Name: Joseph Mayer Rice
Bith Date: May 20, 1857
Death Date: June 24, 1934
Place of Birth: Philadelphia, Pennsylvania, United States
Nationality: American
Gender: Male
Occupations: physician, education reformer
Joseph Mayer Rice

Joseph Mayer Rice (1857-1934) was part of the Progressive education reform movement of the 1890s that sought to untangle the public school system from the web of political corruption in which it was floundering.

Joseph Mayer Rice was a Progressive education reformer of the nineteenth century who believed that the moral duty of society was to improve the conditions of those who were weak and underprivileged. Children were seen by many to be the most helpless of American citizens, and so education reform became one of the most pressing concerns of many Progressives.

Advocated Improving a Child's Environment

As American society had become more industrialized throughout the nineteenth century, schools were viewed by many as the training ground for the future industrial work force. As such they emphasized discipline, punctuality, and the rote memorization of facts, rather than personal growth. In addition, school systems had been modeled after corporations, centralizing power with school superintendents and principals trained in management techniques. Progressive reformers called for the separation of politics and education and for the implementation of the latest educational theories, which were grounded in experience and based on scientific principles of how the child's mind best develops.

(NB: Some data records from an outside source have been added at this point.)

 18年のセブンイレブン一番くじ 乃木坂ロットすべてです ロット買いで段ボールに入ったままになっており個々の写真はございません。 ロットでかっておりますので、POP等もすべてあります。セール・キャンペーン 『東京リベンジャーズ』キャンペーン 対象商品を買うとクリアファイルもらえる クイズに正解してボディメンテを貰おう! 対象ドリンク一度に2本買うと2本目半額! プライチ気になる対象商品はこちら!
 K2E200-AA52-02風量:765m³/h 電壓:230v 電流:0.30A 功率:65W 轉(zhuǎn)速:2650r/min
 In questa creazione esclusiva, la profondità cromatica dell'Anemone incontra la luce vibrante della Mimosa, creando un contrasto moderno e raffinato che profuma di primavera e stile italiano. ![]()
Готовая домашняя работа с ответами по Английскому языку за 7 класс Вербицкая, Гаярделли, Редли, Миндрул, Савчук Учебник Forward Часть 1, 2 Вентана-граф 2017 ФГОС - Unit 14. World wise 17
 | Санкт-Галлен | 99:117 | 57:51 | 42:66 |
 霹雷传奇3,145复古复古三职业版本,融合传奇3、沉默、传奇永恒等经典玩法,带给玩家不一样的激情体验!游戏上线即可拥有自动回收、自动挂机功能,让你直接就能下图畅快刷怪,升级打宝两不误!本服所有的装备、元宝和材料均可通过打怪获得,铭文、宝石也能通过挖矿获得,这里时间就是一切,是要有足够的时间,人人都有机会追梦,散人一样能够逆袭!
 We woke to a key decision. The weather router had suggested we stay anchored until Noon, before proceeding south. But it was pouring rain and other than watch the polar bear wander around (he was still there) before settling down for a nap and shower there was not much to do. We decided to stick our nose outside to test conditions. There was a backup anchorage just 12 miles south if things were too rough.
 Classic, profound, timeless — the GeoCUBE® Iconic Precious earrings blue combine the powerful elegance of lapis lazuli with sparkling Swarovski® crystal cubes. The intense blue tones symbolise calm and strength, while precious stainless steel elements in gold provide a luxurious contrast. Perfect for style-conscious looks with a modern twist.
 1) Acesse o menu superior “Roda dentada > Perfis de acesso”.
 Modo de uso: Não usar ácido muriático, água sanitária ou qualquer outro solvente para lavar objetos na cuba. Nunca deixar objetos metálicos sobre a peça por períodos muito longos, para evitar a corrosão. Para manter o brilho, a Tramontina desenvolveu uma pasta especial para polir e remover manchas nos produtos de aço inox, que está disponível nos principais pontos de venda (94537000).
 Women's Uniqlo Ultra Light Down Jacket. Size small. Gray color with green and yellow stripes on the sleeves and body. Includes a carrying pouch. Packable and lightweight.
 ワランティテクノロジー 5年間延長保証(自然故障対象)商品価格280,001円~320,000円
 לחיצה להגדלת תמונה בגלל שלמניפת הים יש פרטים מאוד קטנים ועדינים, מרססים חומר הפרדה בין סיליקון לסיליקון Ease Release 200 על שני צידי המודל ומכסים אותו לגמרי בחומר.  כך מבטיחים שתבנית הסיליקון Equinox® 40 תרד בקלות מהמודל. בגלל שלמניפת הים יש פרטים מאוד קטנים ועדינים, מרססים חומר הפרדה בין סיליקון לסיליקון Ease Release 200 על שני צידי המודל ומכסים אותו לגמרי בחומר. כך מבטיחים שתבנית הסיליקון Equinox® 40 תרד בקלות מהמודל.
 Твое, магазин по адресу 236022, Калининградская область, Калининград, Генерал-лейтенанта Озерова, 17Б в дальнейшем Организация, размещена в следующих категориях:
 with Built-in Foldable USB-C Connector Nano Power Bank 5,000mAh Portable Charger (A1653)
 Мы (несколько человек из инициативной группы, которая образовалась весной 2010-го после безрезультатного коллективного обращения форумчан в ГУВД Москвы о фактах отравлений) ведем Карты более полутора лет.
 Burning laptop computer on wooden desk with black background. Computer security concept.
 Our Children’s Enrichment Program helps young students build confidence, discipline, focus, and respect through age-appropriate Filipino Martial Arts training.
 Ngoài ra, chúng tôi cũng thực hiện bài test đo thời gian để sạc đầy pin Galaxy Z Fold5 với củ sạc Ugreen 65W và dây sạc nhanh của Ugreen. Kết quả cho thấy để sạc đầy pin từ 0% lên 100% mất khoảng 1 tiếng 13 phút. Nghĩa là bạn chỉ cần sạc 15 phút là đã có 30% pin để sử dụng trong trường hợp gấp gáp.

As the son of German immigrants, Rice was himself educated in the public schools of Philadelphia and New York City. He studied at the College of the City of New York and later at the College of Physicians and Surgeons of Columbia, which granted him an M.D. in 1881. He practiced in the hospitals of New York from 1881 to 1884 and had a private practice there from 1884 to 1888. It was during this time that he became interested in the prevention of disease among children. He came to believe, in true Progressive fashion, that the improvement of the child's social environment could best ensure the child's resistance to disease. This gradually led him to give up his medical practice and launch an extensive eight-year study of the school systems in Europe and the United States.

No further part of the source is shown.